Le projet de ma femme me plut beaucoup, et mes jeunes enfants l'accueillirent si bien, qu'ils voulaient sauter aussitôt dans le bateau. J'en retardai l'exécution jusqu'au moment où les flots et les oiseaux nous auraient débarrassés du cadavre de la baleine, qui pouvait nous infecter. J'annonçai que je voulais auparavant remplacer les rames si rudes et si lourdes de la pirogue par une machine plus facile à manier.
J'allai examiner le tournebroche de Fritz, et j'en trouvai deux au lieu d'un; je pris le plus grand et le plus fort, parce qu'il pouvait mieux répondre à mon attente.
Je commençai par étendre sur la pirogue un arbre en fer quadrangulaire qui dépassait à chaque extrémité d'un pied environ; au milieu j'ajoutai un ressort également à quatre faces, et j'arrondis mon arbre aux points où il était en contact avec les bords, pour l'empêcher de les endommager. Aux deux bouts je fixai un moyeu où je fichai quatre rais, mais plats comme des rames, et non pas ronds comme ceux d'une roue ordinaire. Mon tournebroche fut adapté derrière le mât, de manière que l'un des poids descendît jusqu'à la moitié des parois du bateau, tandis que l'autre s'élevait et faisait mouvoir la roue. Cette roue fut mise en contact avec les quatre ressorts de l'arbre, de manière à les chasser successivement, et à faire par conséquent tourner l'arbre sur lui-même et mes quatre palettes, qui venaient l'une après l'autre frapper la surface de l'eau et poussaient le bateau en avant. Pour diminuer la pesanteur de mes rais et donner plus d'action à mon tournebroche, je les fis en fanons de baleine.

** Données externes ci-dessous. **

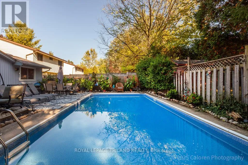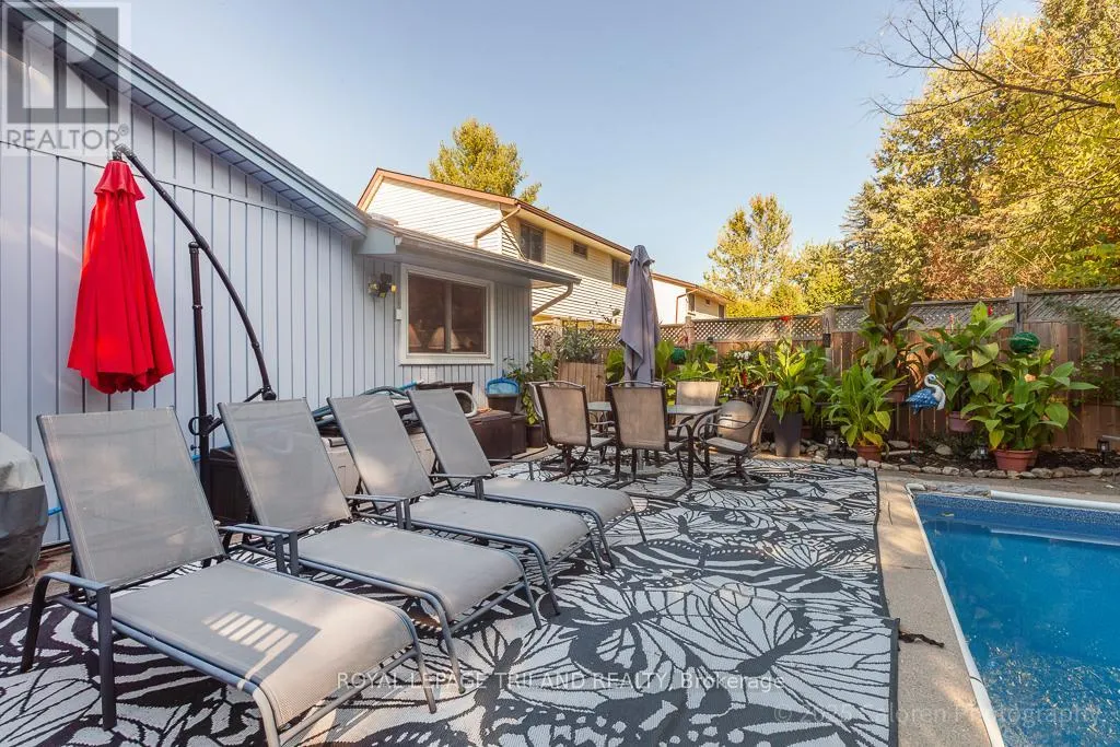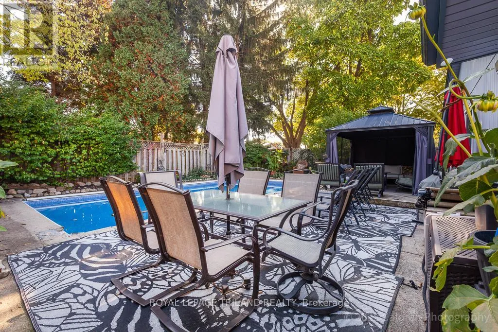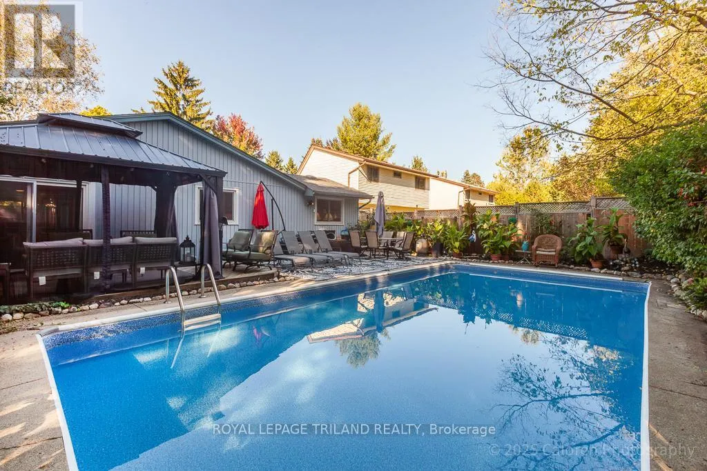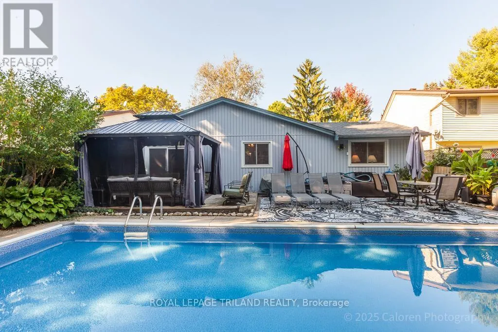 Cross Streets: CRABTREE AND YARDLWY WOODS. ** Directions: NORTH ON WONDERLAND, LEFT ON BLACKACRES, RIGHT ON YARDLEY, LEFT ON CRABTREE. Dive into comfort and relaxation with this inviting northwest London bungalow, complete with a sparkling inground swimming pool and a private hot tubperfect for unwinding or entertaining friends under the sun.This flexible home features three spacious main-floor bedrooms, plus a surprise loft retreat ideal for a fourth bedroom or a quiet home office. The principal bedroom is conveniently located on the main floor, while the open-concept great room combines a welcoming dining area and living space highlighted by a cozy gas fireplace.The large kitchen offers plenty of room for casual meals and flows seamlessly onto a private walled side garden through patio doors, providing a tranquil spot for morning coffee or evening gatherings. Step outside to enjoy the lush, south-facing backyard, where a canvas gazebo and deck lounge area create the perfect setting for summer relaxation.Recent updates include refreshed bathrooms, new shingles (2022), and a durable cement double-wide driveway for added convenience. Located in a quiet, sought-after residential neighbourhood, this property is close to grocery stores, the library, gym facilities, wooded trails, easy transportation options, and minutes from Western University.Welcome home to a lifestyle that blends comfort, flexibility, and outdoor enjoyment in one of Londons most desirable communities. (id:27476)
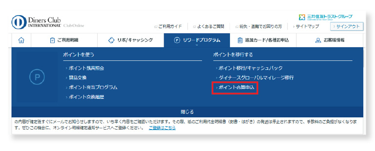 多くの会員様からのご要望にお応えし、2025年12月から会員専用オンラインサービス「クラブ・オンライン」での受付を開始しました。ダイナースクラブカードの追加カードに貯まったポイントの本会員カードへの合算を簡単にお手続きいただけます。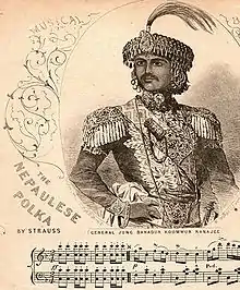 En 1846, un officier Jang Bahadur Rana pris le pouvoir par la force au Népal et devint premier ministre à vie, retirant les pouvoirs au roi[6]. Il devint donc l'homme fort du pays et le restera jusqu'à sa mort. Curieux et envieux des puissances occidentales et notamment de la puissance britannique, il décida de se rendre à Londres et de visiter le pays en 1850[6]. Sur le chemin du retour, il souhaita passer par la France et notamment Paris. Il arriva le 22 août 1850 à Paris pour un séjour de six semaines[1].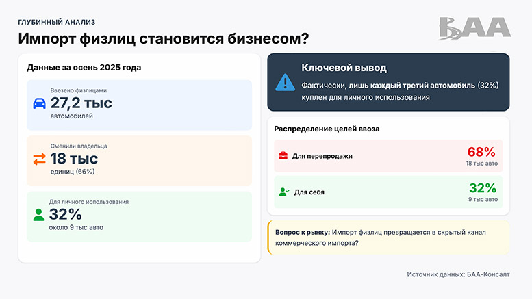 Как показал анализ данных ЭПТС за осень 2025 года, около 66–68% автомобилей, ввезённых физическими лицами, перепродаются в течение первых месяцев после постановки на учёт. То есть фактически речь идёт о скрытом коммерческом импорте, маскирующемся под покупки «для личного пользования».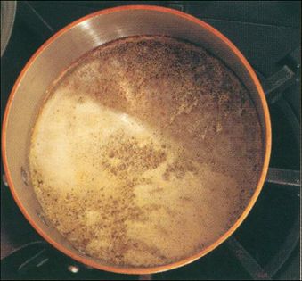 This cooked butter is also called beurre noisette. Unlike whole butter, brown butter contains no water, so it has an intense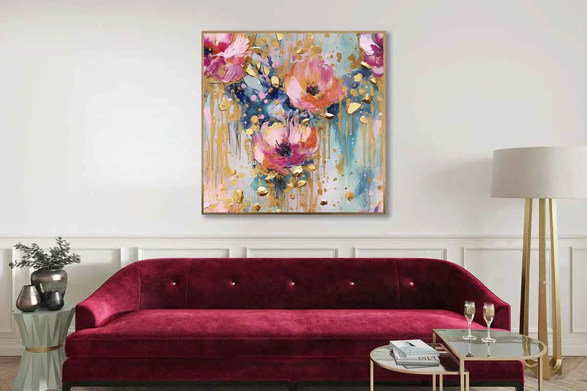 Etiketler: Altın, Çiçekler, Kare, Renkli, Soyut, Yağlı Boya Dokulu Tablo

Il est vrai que le bateau n'allait pas bien vite, et que toutes les quinze à vingt minutes il fallait changer les poids du tournebroche; mais enfin notre bateau marchait, et nous pouvions rester les bras croisés assez de temps pour nous ôter la fatigue des rames.

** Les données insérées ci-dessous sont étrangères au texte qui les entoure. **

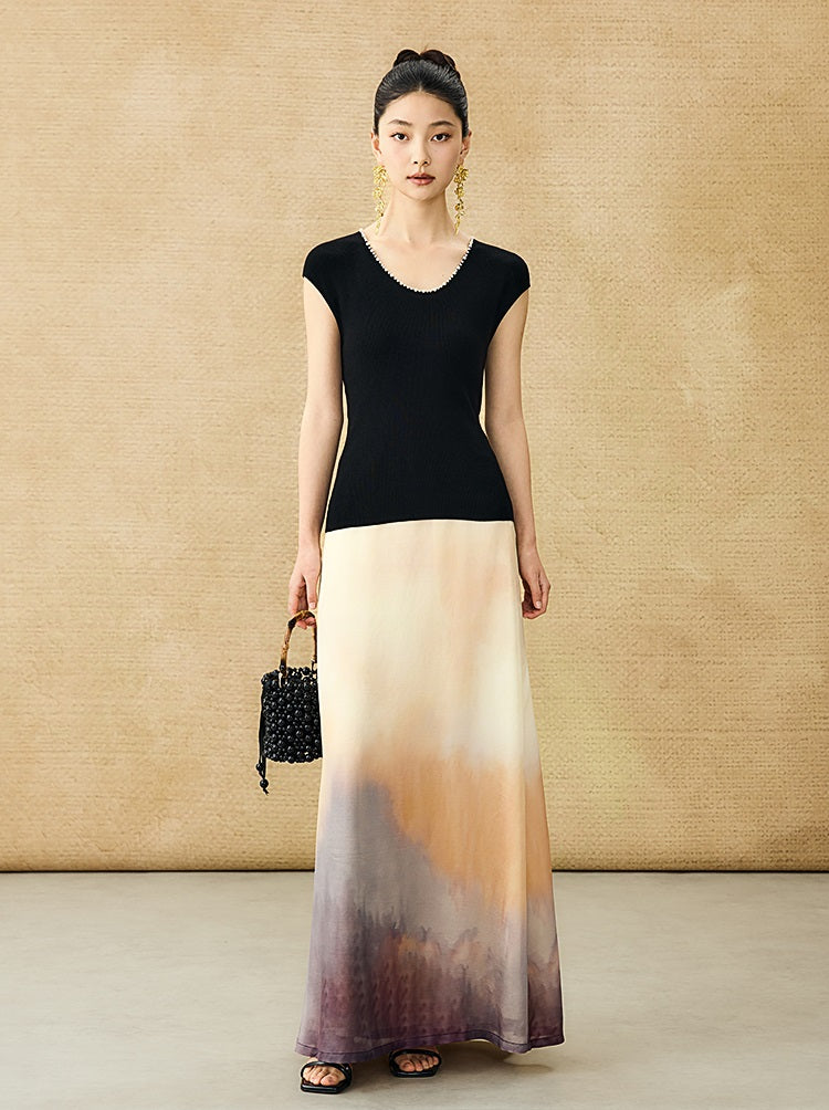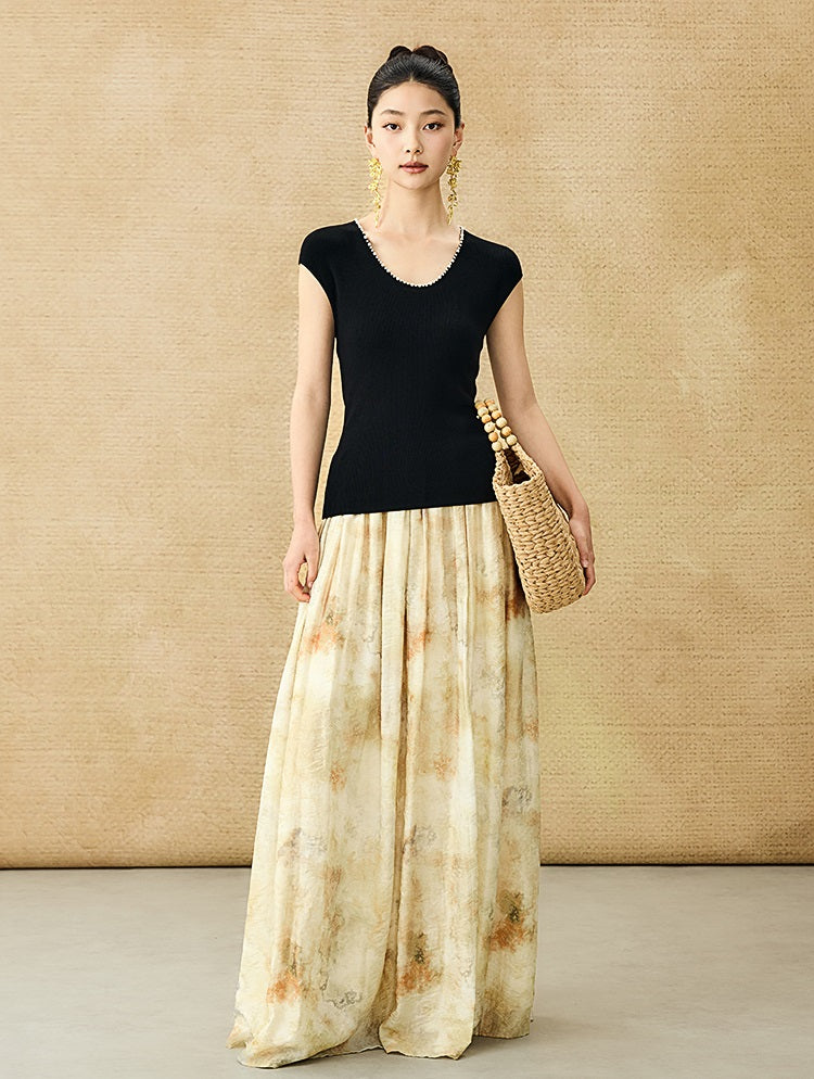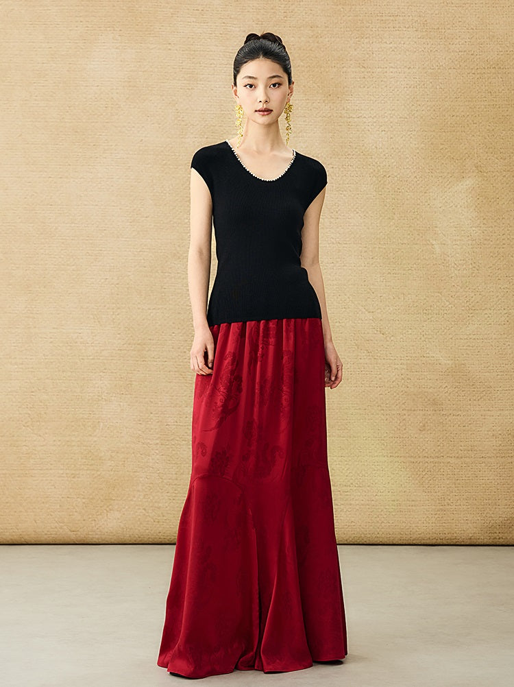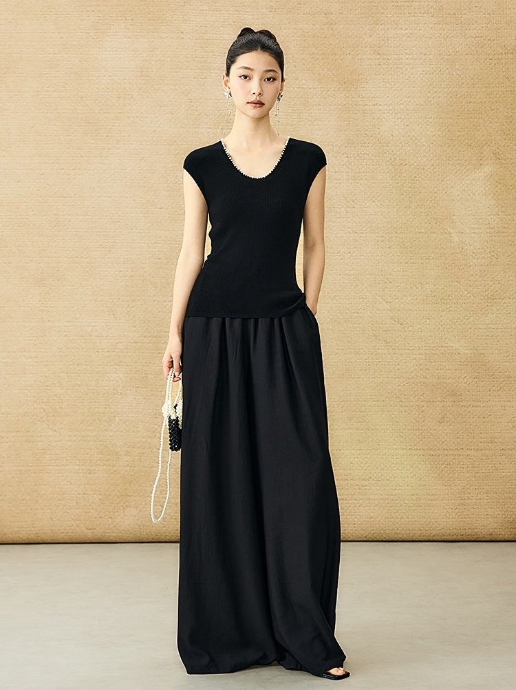 This HECO Chinese-style sleeveless top features a flattering U-neck adorned with delicate nail bead detailing, adding a refined touch to its design. Crafted from stretchable woven knit fabric, it offers both comfort and a tailored fit. The small fly sleeves enhance its elegant silhouette, making it an ideal choice for sophisticated, modern styling.

Je n'essaierai pas de décrire la joie et les transports qui éclatèrent parmi nos petits fous, les sauts et les danses qu'ils firent sur le rivage, quand Fritz et moi nous essayâmes la machine dans la baie du Salut. Nous eûmes à peine touché terre, qu'ils voulurent tous sauter dans la barque, pour tenter une excursion à l'îlot de la Baleine. Mais, comme le jour était trop avancé, je le défendis, et je promis que le lendemain, pour mieux essayer la machine, nous nous rendrions par eau à la métairie de Prospect-Hill, pour prendre quelques-uns de nos animaux européens et les conduire à l'îlot.
Ma proposition fut accueillie avec une grande joie. En vue de ce voyage, on prépara des armes, des provisions, et l'on se coucha de bonne heure, afin de partir plus tôt le lendemain matin.